Blueprints enable data ingestion from common sources using automated workflows. At high level, Lake Formation
provides two type of blueprints:
- Database blueprints: This blueprints help ingest data from MySQL, PostgreSQL, Oracle, and SQL server databases to your data lake. You can ingest either as bulk load snapshot, or incrementally load new data over time.
- Log file blueprints: Ingest data from popular log file formats from AWS CloudTrail, Elastic Load Balancer, and Application Load Balancer logs.
In this exercise, we will use database snapshot as blueprint and will ingest entire TPC
database to your data lake.
- Click on the Blueprints option from the left navigation panel and then click on Use blueprint button.
- Select Database snapshot as the blueprint type.
- For the AWS Glue Database connection name, choose TPCGlueConnector which is created through CloudFormation to access the TPC database running on RDS.
- For the Source data path, enter "tpc/". Leave Exclude pattern options as default.
- Under Import target section, choose tpc as the target database. For the Target storage location, choose the S3 path which you used in the Data Lake Locations section. For Data format, choose Parquet as the format in which the data is written.
- Now move to Import options, enter a workflow name tpc-workflow. Choose
LF-GlueServiceRole for the IAM role and enter "dl" as the Table prefix. Leave the rest of the
fields as default.
- Choose Create. Wait for the status of the blueprints to go from Creating to Successfully
created workflow: tpc-workflow message.
- You select IAM role LF-GlueServiceRole when creating the blueprint, this role will create tables
under the database tpc created in the previous step. By default, this role does not have permissions
to create resources under tpc database. Follow these steps to provide the required access to IAM role
- In the navigation pane, under Databases, select tpc.
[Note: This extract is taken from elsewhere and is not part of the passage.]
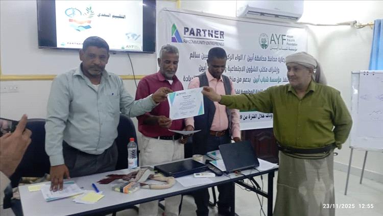 اختتمت مؤسسة شباب أبين AYF المؤسسة المجتمعية الرائدة في العمل التنموي والإنساني بمحافظة أبين ورشة العمل التدريبية الخاصة ببناء قدرات اللجنة المجتمعية المعنية بشؤون الناجين في مديرية خنفر والتي نظمتها خلال الفترة من 19 إلى 23 نوفمبر 2025 تحت رعاية محافظ محافظة أبين اللواء الركن أبوبكر حسين سالم وإشراف مكتب الشؤون الاجتماعية والعمل أبين وبدعم من منظمة شركاء من أجل الريادة Partner For Community Entrepreneur. جاءت الدورة كخطوة نوعية تعكس الاهتمام الكبير بالمجتمع المحلي حيث أسهمت في صقل مهارات المتدربين والمتدربات وتمكينهم من لعب دور فاعل داخل مجتمعاتهم إذ تلقوا خلال ثلاثة أيام حزمة واسعة من المهارات في مجالات حقوق الإنسان وبناء السلام والمناصرة قدمها المدربان المتميزان أحمد عبدالله أبو طيبة والأستاذ علاء باحكر بأسلوب تفاعلي عزز فهم المشاركين للقضايا الجوهرية التي تمس حياة النازحين والمجتمع.

Choose Grant from the
Actions drop-down list.
- From the Grant window, under Principals select IAM role LF-GlueServiceRole
from the drop-down list. Move to the Policy tags or catalog resources
section and select Named data catalog resources. Select tpc as the database and
proceed to the next section Database permissions. Check Create Table & Super
options and click on the Grant button.
- Now go back to the Blueprints using navigation, select the newly created workflow
tpc-workflow and start the workflow by selecting Start option from the Actions drop-down.
- It will take few minutes to ingest the TPC database to your data lake. During this phase, the Last run status column will reflect different phases of ingestion process. For this exercise, Discovering phase will take around ~4 minutes, Importing phase will take ~20 minutes.
- Move to the next chapter when the blueprint tpc-workflow is completed successfully.